Hey @JMeybohm, looking to get a little more information on what happened and what sort of mitigation you have in mind. Is the ultimate goal to monitor conditions on the mobile services backend, the app, or both? I assume by "starting this task on the mobile apps side", you mean detecting if the mobile app homepage fails to load (whether or not the server returns a timeout status or whatever)? Is there an existing strategy for logging runtime errors from the mobile apps?

I don't have anything particular in mind. I think the problem we should try to solve is that nobody was aware that the mobile app had issues during the outage. AIUI that lead to the assumption that the very low (in terms of rps) number of timing out requests is not critical.
As I don't really know the architecture and involved services for the mobile apps content, I thought it would be good to start the discussion here. The outcome could very well be, that wikifeeds/termbox need more/better alerting (or just alerts that get paged) because the mobile app critically relies on them (that's what I meant with "starting on the mobile apps side").
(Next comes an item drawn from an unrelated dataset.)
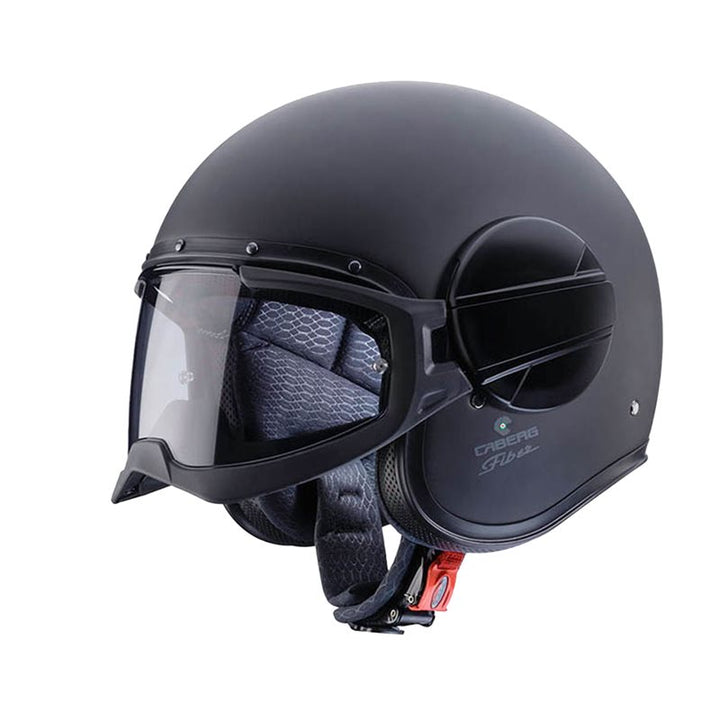 Två skalstorlekar för att kunna erbjuda bästa möjliga proportioner mellan huvudstorlek och skalvolym. Lilla skalet omfattar XS-L och stora skalet XL-XXL. Ett Pinlock-visir sitter monterat för att motverka imma. Spännes med micrometiskt lättjusterat snabbspänne. Fullt uttagbar och tvättbar klimatinredning och fina kosmetiska detaljer. Hjälmen är förberedd för Cabergs Just Speak Easy intercom-system och har extra utrymme för både hörlurar och mikrofon.

Sorry for not being very clear with this.

Adding #Product-Infrastructure-Team-Backlog as Better Use Of Data/Product-Data-Infrastructure project tags got archived, so this open task has an active project tag and can be found.

MSantos renamed this task from Monitoring/Alerting for Wikipedia mobile app errors to Monitoring/Alerting for Wikipedia mobile app errors due to timeouts in wikifeeds.Sep 10 2021, 2:09 PM
MSantos removed a project: Mobile-Content-Service.
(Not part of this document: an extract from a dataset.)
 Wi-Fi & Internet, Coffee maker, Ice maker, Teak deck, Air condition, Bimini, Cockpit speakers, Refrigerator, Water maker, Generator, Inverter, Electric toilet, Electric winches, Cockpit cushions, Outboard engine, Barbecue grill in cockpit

A couple of notes around this ticket:

  • The endpoint monitoring tests (service-checker) couldn't/can't spot this kind of issue that happened specifically for internal connections. AFAIK service-checker will use the swagger spec to run the tests without passing through restbase. cc/ @Pchelolo and @Clarakosi to correct me in case I'm wrong.
  • mobileapps (Page Content Service) does not rely on wikifeeds. The apps (Android / iOS) on the other hand query wikifeeds directly, but they go through restbase.

Maybe it's an opportunity to restore these tests in restbase? https://github.com/wikimedia/restbase/blame/ecef17bda6f4efc0d6e187fb05b1eeb389bf7120/v1/feed.yaml#L52

Removing inactive assignee from this open task. (Please update assignees on open tasks after offboarding. Thanks.)